Tom Gilson

Expelled: Then What?

Jack Cashill writes:

Expelled opens nationwide on April 18th. The neo-Darwinists and their allies in the major media will do their best to kill it.

Co-producer Mark Mathis tells me that two network news producers have already chosen not to cover the film because it was “biased,” unlike, say, the much-covered Fahrenheit 911.

[From The blog for EXPELLED: No Intelligence Allowed ]

Neo-Darwinists are indeed lining up against this film. Controversy is rising. It remains to be seen how it will all play out: how many people will view this film? Will it seem believable to most of them? Will it succeed in making its case? Based on Cashill’s review it seems at least possible:

The choice of Stein as narrator is inspired for another reason. That reason becomes most apparent when he and two “creationist” allies, mathematician David Berlinski and nuclear physicist Gerald Schroeder, visit a remnant of the Berlin Wall, the central metaphor of the film.

At the wall, the three discuss the value of freedom, the central idea of the film, and the need for the same in science. The audience has already met Berlinski, an amusingly sophisticated American living in Paris.

The audience has seen less of Schroeder, but he is wearing a yarmulke. All three are Jewish.

Indeed, it would be hard to imagine any three individuals on the planet who less resemble the Inherit the Wind stereotype that Darwinists have been scaring soccer moms with for the last half century.

And wait until you read what he said about Dawkins admitting to the real possibility of a designer!
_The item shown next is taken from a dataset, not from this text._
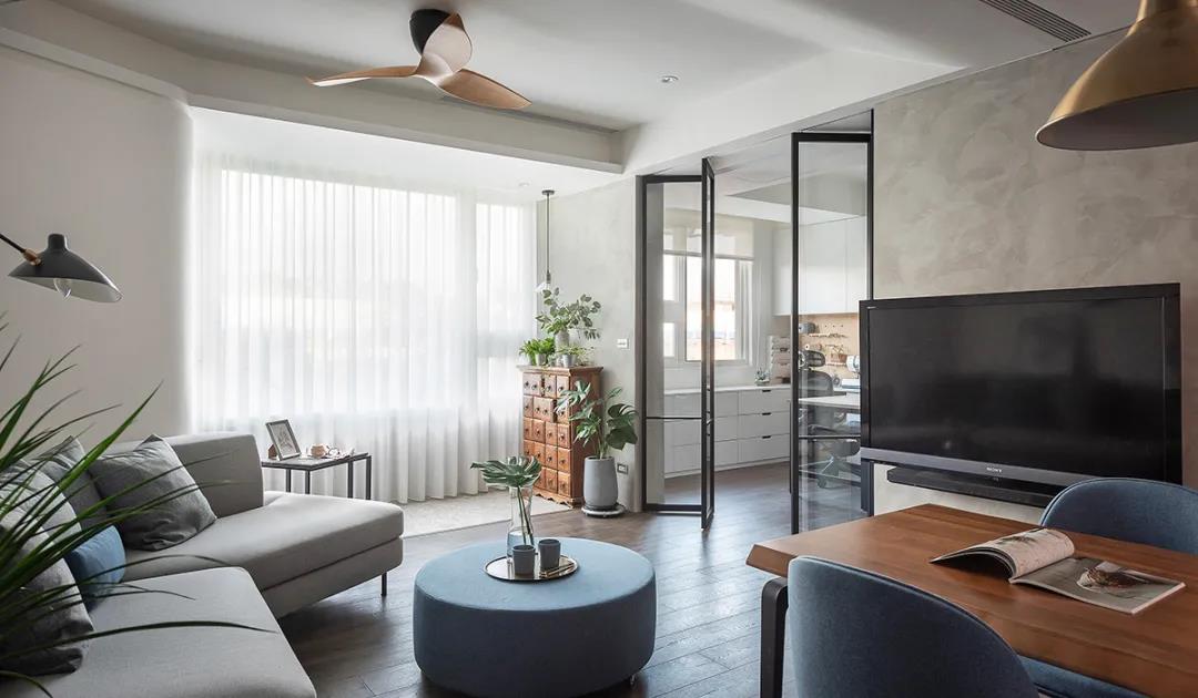 將工作室出入口重新調整位置,采用鋁框玻璃折疊門使其與客廳相互串連,

So let’s suppose the film succeeds in its intent, which is to raise awareness of severe restrictions on academic freedom of thought and inquiry for those are sympathetic to Intelligent Design.

Then what?

I’m going to speak to people like me who at least sympathize with Intelligent Design, and who know that it is routinely misrepresented by the media and by its detractors. Sure, if this film makes its point, we’re going to feel some considerable satisfaction.

Then what?

Intelligent Design will not be proved by this film. It will remain a theory under siege. Skeptics will continue to claim that evolution can produce irreducible complexity and the massive information stores found within DNA. They will continue to prefer the many-worlds theory for the universe’s fine-tuning, rather than admit there might be a God who made it that way. And this film won’t change that.

So, then what?

Evolutionists have been telling us for years that no true scientist doubts the basic neo-Darwinian story, and that this whole controversy thing is a public relations scheme concocted by right-wing religionists. If Expelled comes across as credible, they’re in for some serious embarrassment. It might mean the beginning of the end of a dogmatic stranglehold they’ve kept on the universities.

So, then what?

Then Intelligent Design would still have to make its case. What Expelled might do for ID–not immediately, but in the course of time–is provide it some breathing room, some freedom to speak openly, to seek funding from more diverse sources. It might allow more scientists who now secretly sympathize with ID to actually do some work on it openly. It could certainly open the door for research to accelerate. But the research has to be done, and the scientific case has to be made in scientific ways (not, however, meaning that it has to assume the truth of philosophical materialism, as some scientists claim).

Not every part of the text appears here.